WEAR YOUR GLOVES!  This coxcomb is truly [turly???]
tough on your hands!)

("Don't spell like my brother!")

Now take the free line (the LEFT hand line) and half-hitch
over the first and to your RIGHT.  (Don't forget to "roll" the
line in your fingers to tighten up the lay!) then take the first
line and make another half-hitch to the left and then tighten the
livin' crapdoodle out of the hitching.  You want these and the
hitches to be as tight as possible and all about the same size.  
(It's important... really.)

Fair up back and sides as you go... when pulling this tight you
won't get that much of a chance to do corrections later.  

Keep on doing alternate-side hitching until you reach the SIXTH
from the apex... tighten everything up hard as you go!

(Keep rolling that line between your fingers, but ONLY when
you're hitching to the right, or against the lay. )

Tricky part:   you should have SIX hitches on each side, including the
one forming the apex of the pyramid.  

Your SIXTH half-hitch on both sides is where you'll reverse directions,
and it needs to be as tight as the rest of them, just heading in
the opposite direction.

Continue doing alternate sides, rolling the line going RIGHT!

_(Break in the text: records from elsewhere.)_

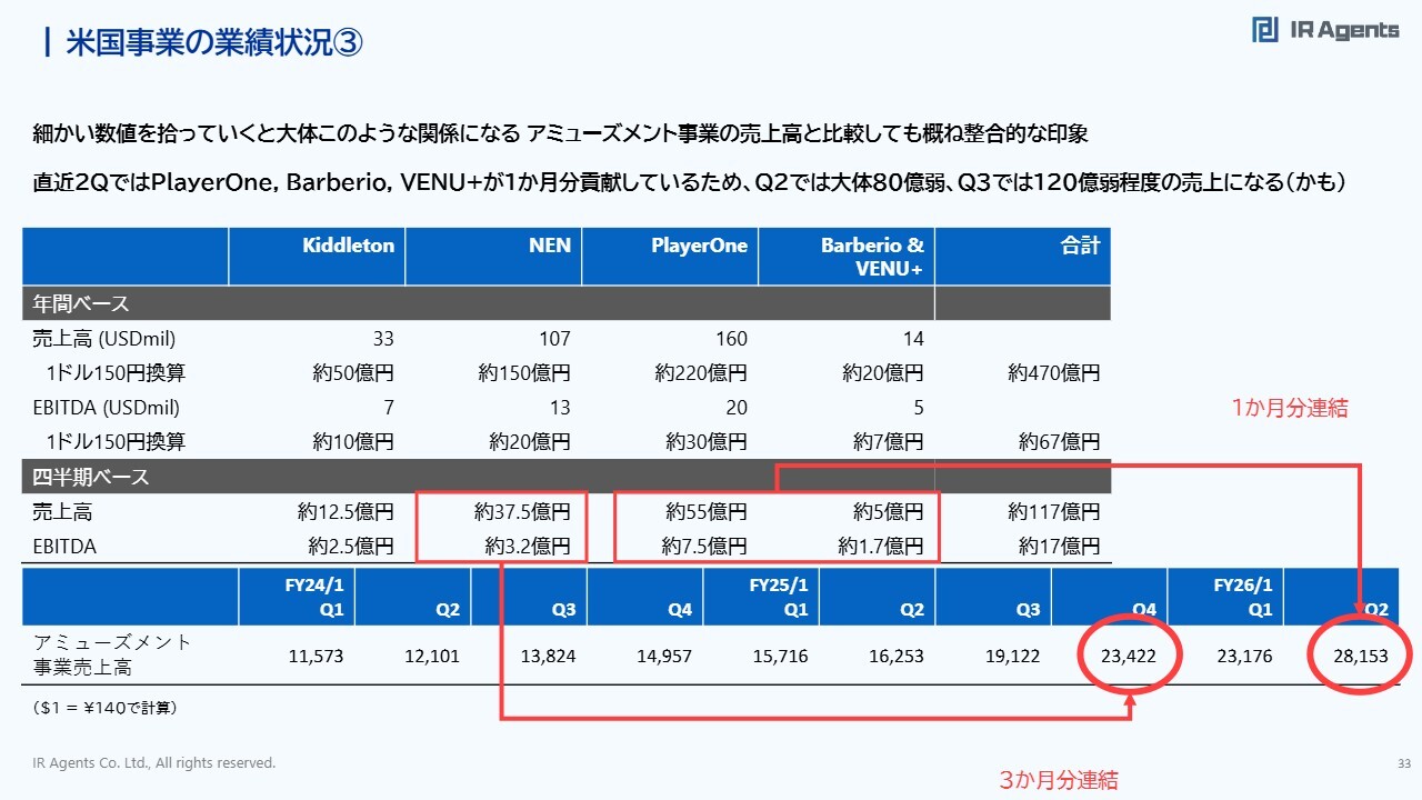 これらをアミューズメント事業の売上高と照合すると、2025年1月期の第3四半期から第4四半期にかけて、NENが連結される時に3ヶ月分で約40億円増加しています。また今期2026年1月期の第1四半期から第2四半期にかけては、PlayerOneとBarberio・VENU+が1ヶ月分連結されているため、この部分も売上として伸びています。
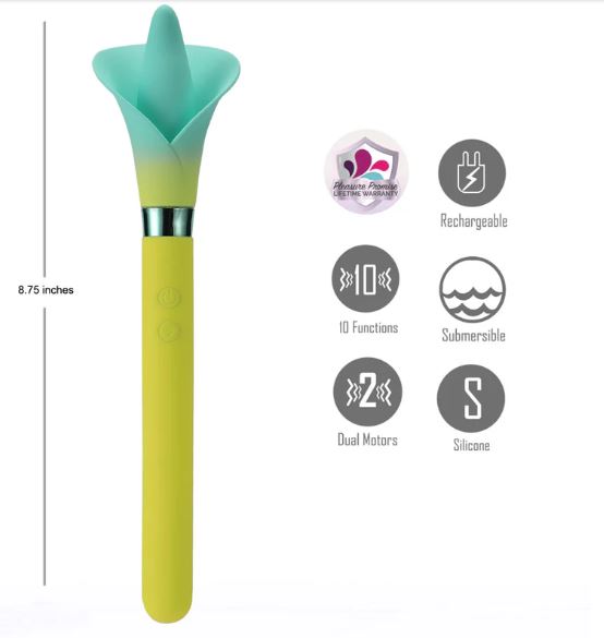 Maximize your pleasure with the Vala Silicone Flower Vibrator, where Flower Power meets luxurious softness. Featuring our Dual Jaguar Motor Drive, you can independently control the stem and petal stimulator for a customized experience. With 5 speeds and 5 variable vibration patterns, this vibrator is designed to cater to your every desire, ensuring that every moment is uniquely satisfying.Crafted from body-safe silicone and fully submersible, the Vala is perfect for both solo adventures and romantic baths. The Stem of the Vala is flexible and contours with your body. Plus, it comes with a Pleasure Promise Warranty for peace of mind. Rechargeable and complete with a cable, this delightful flower is ready to bloom whenever you are. Indulge in the ultimate pleasure experience today!FEATURES: Dual Jaguar Motors, Silicone + ABS Plastic, Rechargeable, 5-Speed + 5 Variable Vibration Levels, Flexible Stem, Length = 8-3/4 inch, inch Diameter, Submersible, Charging Cable Included, Pleasure Promise WarrantyOperating InstructionsThe Top Button operates the Flower Stimulator.The Bottom Button operates the Stem Stimulator.Press and hold the Control Button for 3 seconds to activate the stimulator. The light will turn on.Press the Control Button to cycle through the 5-Speeds and 5-Variable Settings.Press and hold the Control Button for 3 seconds to turn off the unit. Charging InstructionsLocate the Magnetic Charging Port. It is located on the middle of the stem. Attach the Magnetic Cable to the Charging Port.The light will flash when charging.Charging is complete when the light turns solid.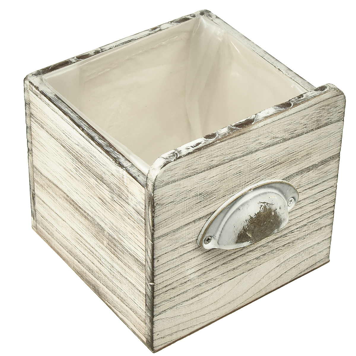 Die kleinen Holz Schubladenboxen sind vielseitig einsetzbar und speziell gefertigt, um Ihre Kreativität und Ordnung zu unterstützen. Jede Box ist mit einer speziellen Folie für direkte Bepflanzung ausgestattet, diese macht sie zum idealen Gefährten für Floristen und anspruchsvolle Pflanzenfreunde. Das Vintage Design macht jedes Stück zu einem Unikat und fügt sich harmonisch in jedes Ambiente ein.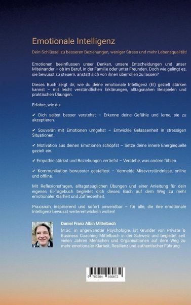 Emotionale Intelligenz leicht gemacht - Dein Schlüssel zu mehr Gelassenheit, Empathie und erfolgreichen BeziehungenEmotionen bestimmen unser Leben - sie beeinflussen unsere Entscheidungen, Beziehungen und unser Wohlbefinden. Doch wie oft lassen wir uns von Wut, Stress oder Unsicherheit überrollen, anstatt bewusst mit unseren Gefühlen umzugehen? Dieses Buch zeigt dir, wie du emotionale Intelligenz gezielt in deinem Alltag einsetzt, um gelassener zu reagieren, Missverständnisse zu vermeiden und tiefere Verbindungen zu anderen Menschen aufzubauen.Mit leicht verständlichen Erklärungen, vielen Praxisbeispielen und sofort umsetzbaren Übungen lernst du Schritt für Schritt:- wie du deine eigenen Emotionen besser erkennst und verstehst- wie du deine Gefühle gezielt steuern kannst, statt dich von ihnen beherrschen zu lassen- wie du Empathie entwickelst und deine sozialen Fähigkeiten stärkst- wie du mit Stress, Konflikten und schwierigen Gesprächen souverän umgehst- wie emotionale Intelligenz dir in der digitalen Kommunikation hilftOhne Fachchinesisch, dafür mit viel Herz, Humor und praxisnahen Tipps bietet dieses Buch einen alltagstauglichen Einstieg in die Welt der emotionalen Intelligenz. Egal ob im Beruf, in der Familie oder in Freundschaften - entdecke, wie du deine Emotionen als wertvolle Kraftquelle nutzen kannst und dadurch dein Leben bewusster und erfüllter gestaltest.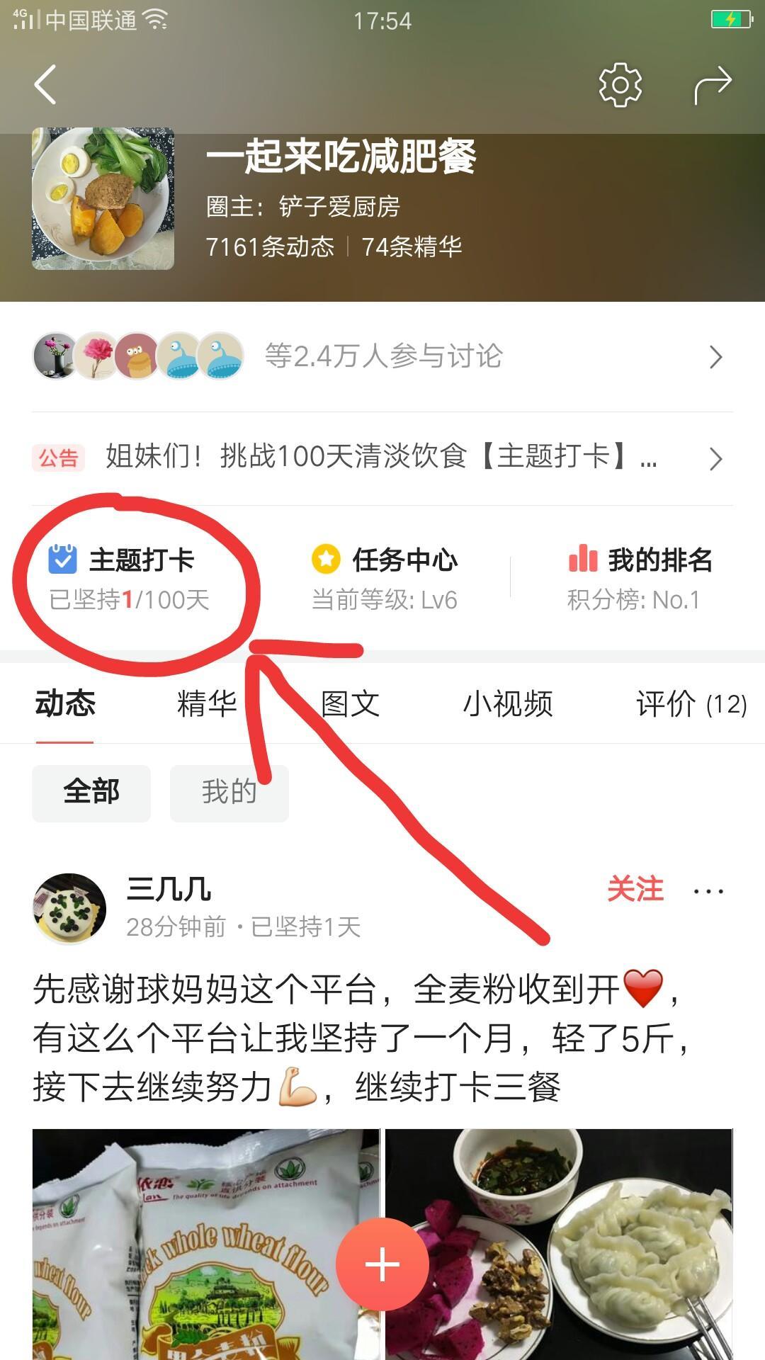 由于在坚持的过程中也有好多朋友想跟我一起来清淡饮食,所以我也在“一起来吃减肥餐”圈子里发起了【主题打卡】活动,主要是以清淡饮食为主,这一次大家都积极踊跃的想挑战100天,所以设置了100天的清淡饮食主题打卡,今天是第四轮的第一天,看到这条消息的朋友可以加入圈子,点击左上角的【主题打卡】来开始我们的清淡饮食打卡之旅,坚持100天以后,你就会形成一个很好的自律的习惯,慢慢的身体也就会越来越瘦,变得越来越美。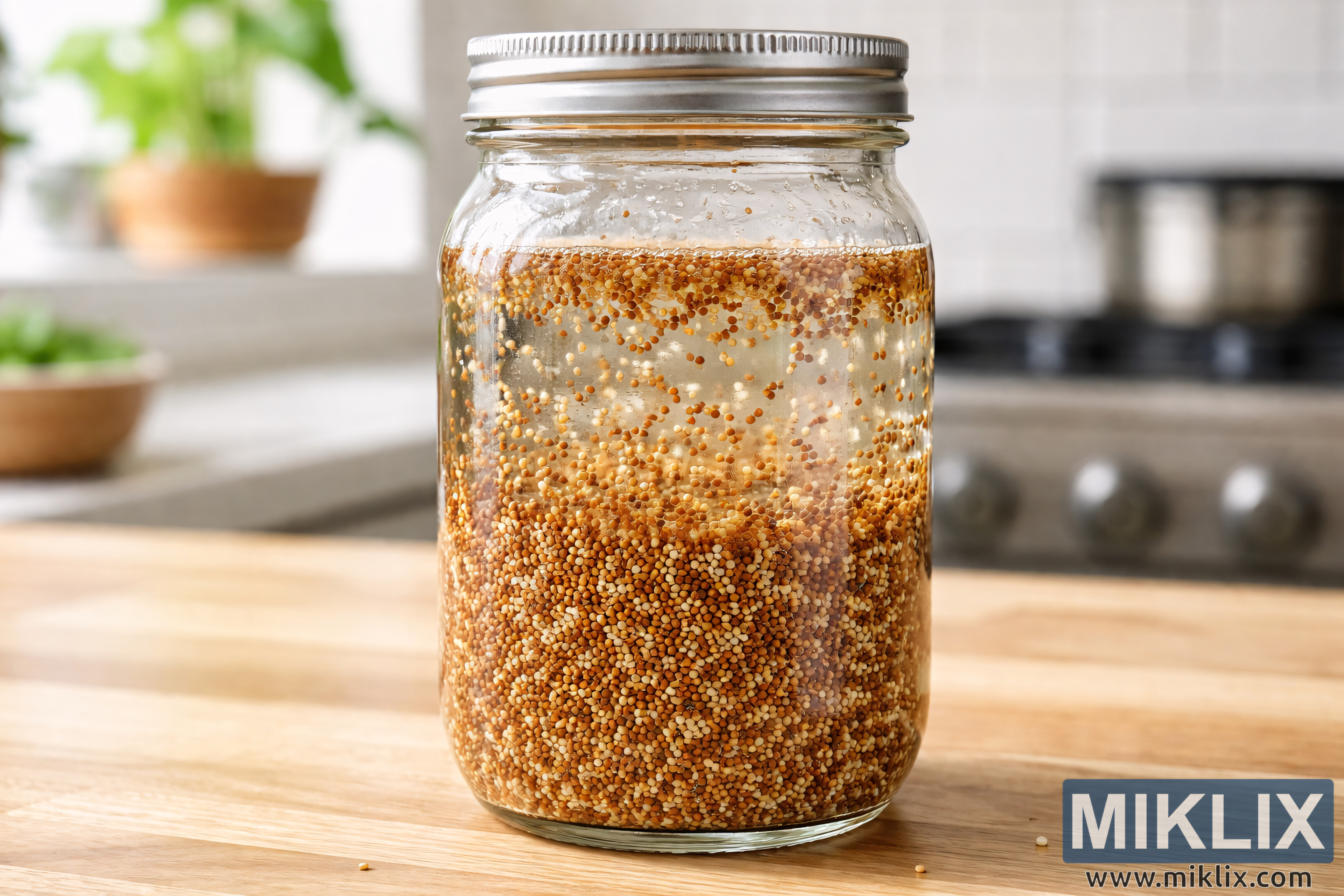 Høyoppløselig bilde av alfalfafrø bløtlagt i vann i et gjennomsiktig syltetøyglass, plassert på en benkeplate i tre med mykt naturlig lys og en uskarp kjøkkenbakgrunn.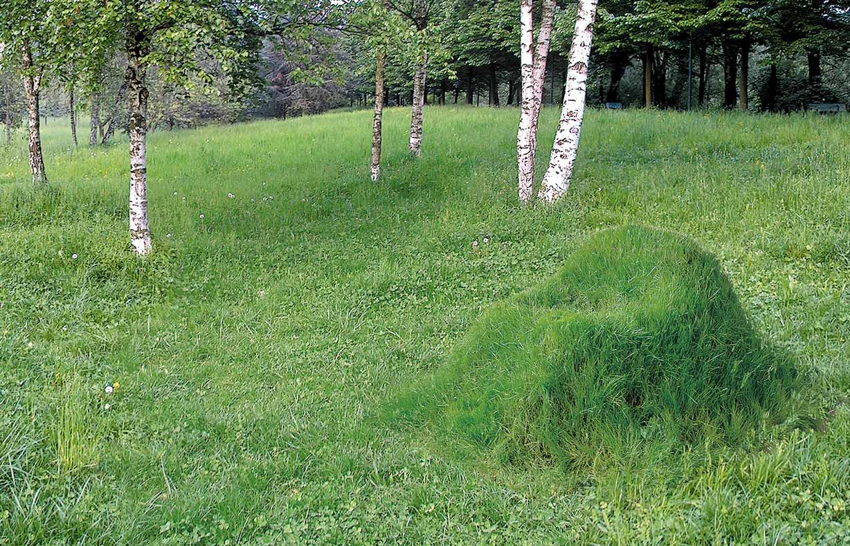 Terra – en liggestol, tilgroet med græs: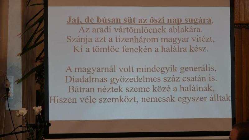 Az aradi tizenhármakról tartottak megemlékezést a nagybányai Óvárosi református templomban. Az alkalmon Kovács Sándor, a Szatmári egyházmegye nyugalmazott esperese prédikált, valamint az Istentiszteletet követően Bak László (Nagybánya-Óvárosi lelkipásztor) néhány alkalomhoz illő dallamot játszott el tárogatón, melyek éneklésébe a gyülekezet is aktívan bekapcsolódott.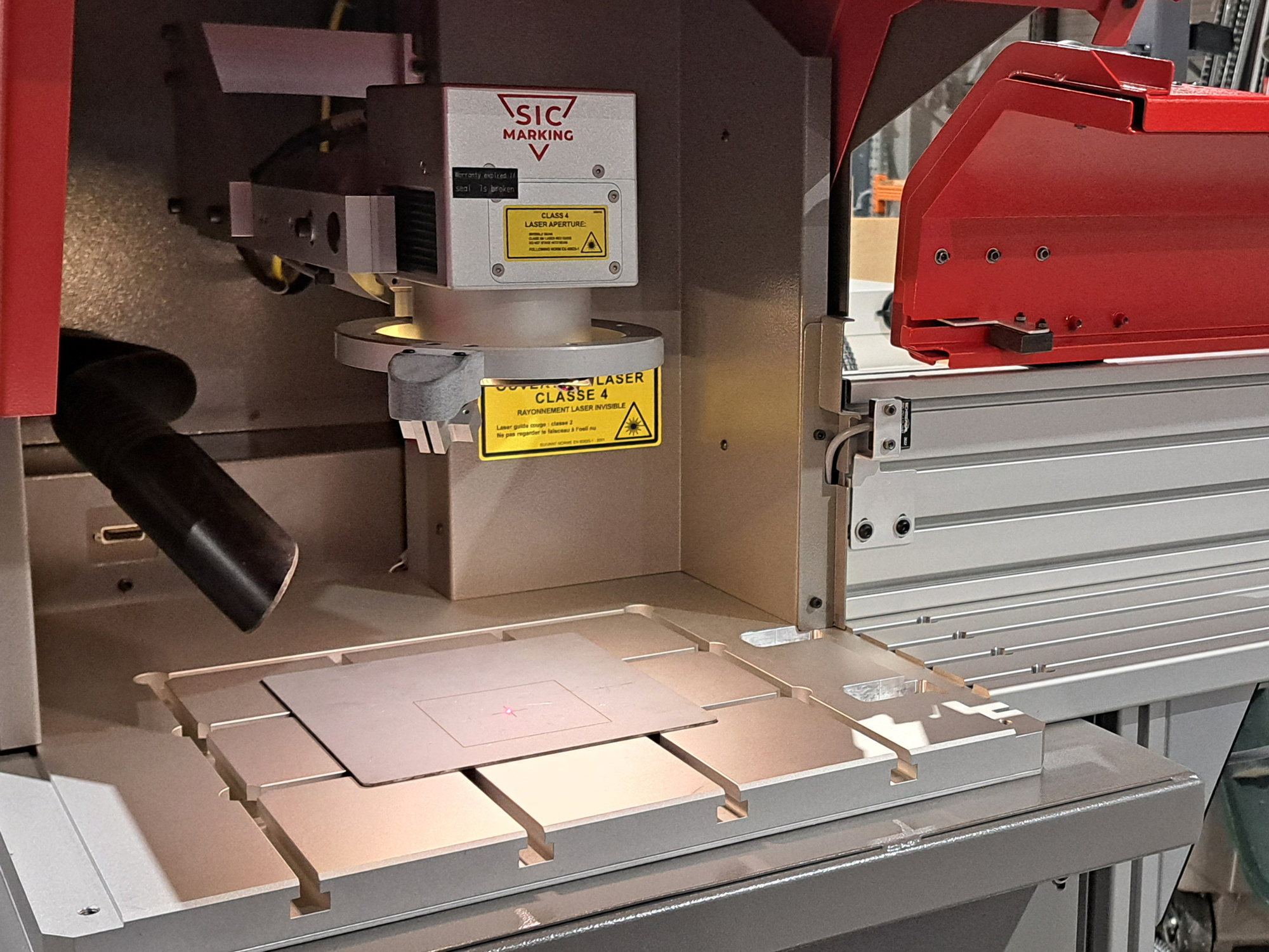 Die Lasermarkierstation L-Box mit Faserlaser wird mit einem seitlichen Tunnel ausgestattet. Dadurch ist die Markierung von Stangen und Profilen oder anderen langen Werkstücke, welche nicht in einen Standardlaser passen, ganz einfach.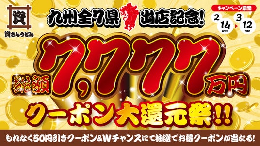 資さんうどん九州全7県出店記念!総額7,777万円のクーポン大還元祭を開催!!!!!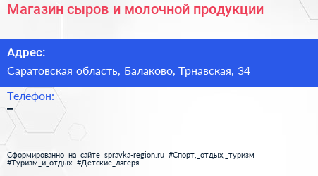 Магазин сыров и молочной продукции по адресу Саратовская область, Балаково, Трнавская, 34 в дальнейшем Организация, размещена в следующих категориях:

(Just showing you how it looks when you've reversed
and tightened up.)

Now you should be looking at something like this.  It will NOT be
a totally symmetrical "diamond" shape as you have a large body
being covered and using large line, but your edge points should
be a just about the sidelines and your crossing point should be
approximately at the centreline of the work.

Since our initial crossing was from LEFT to RIGHT, we'll do that
again, so half-hitch to the right and OVER the series heading in
the other direction and then just snug it down...

Now take the line you just crossed over, hitch to the LEFT and
then tighten them both down as much as possible.

Consider this to be the first hitches in the next series and
once again do six hitches, make the reverses, com back to
center, cross and continue until you're finished.

(Sorry about the colour... never let a Boatswain's Mate loose around
anything more complex than a chipping hammer!)

As I'd said, using large line on a large pipe rail will tend to
exaggerate the slight skewing of the diamond pattern ...
not to worry: "It'll never be noticed from a galloping horse!"

The main worry points for this one are to keep your side points
in as lose to a straight line as possible and the apices of the
diamonds on the centre-line,

Tightening everything up as you go and fairing will also contribute
to the neatness of the job.

The diamonds ALWAYS go UP on the rail or the wheel's rim.  
They are there to improve your grip and that is best done when
the pattern faces up.

Some people will want to paint this instead of varnishing, but varnish is (IMO) a better treatment as it will not "fill in" the
projections of the hitching as much as paint will and will thus produce a more "grippable" job.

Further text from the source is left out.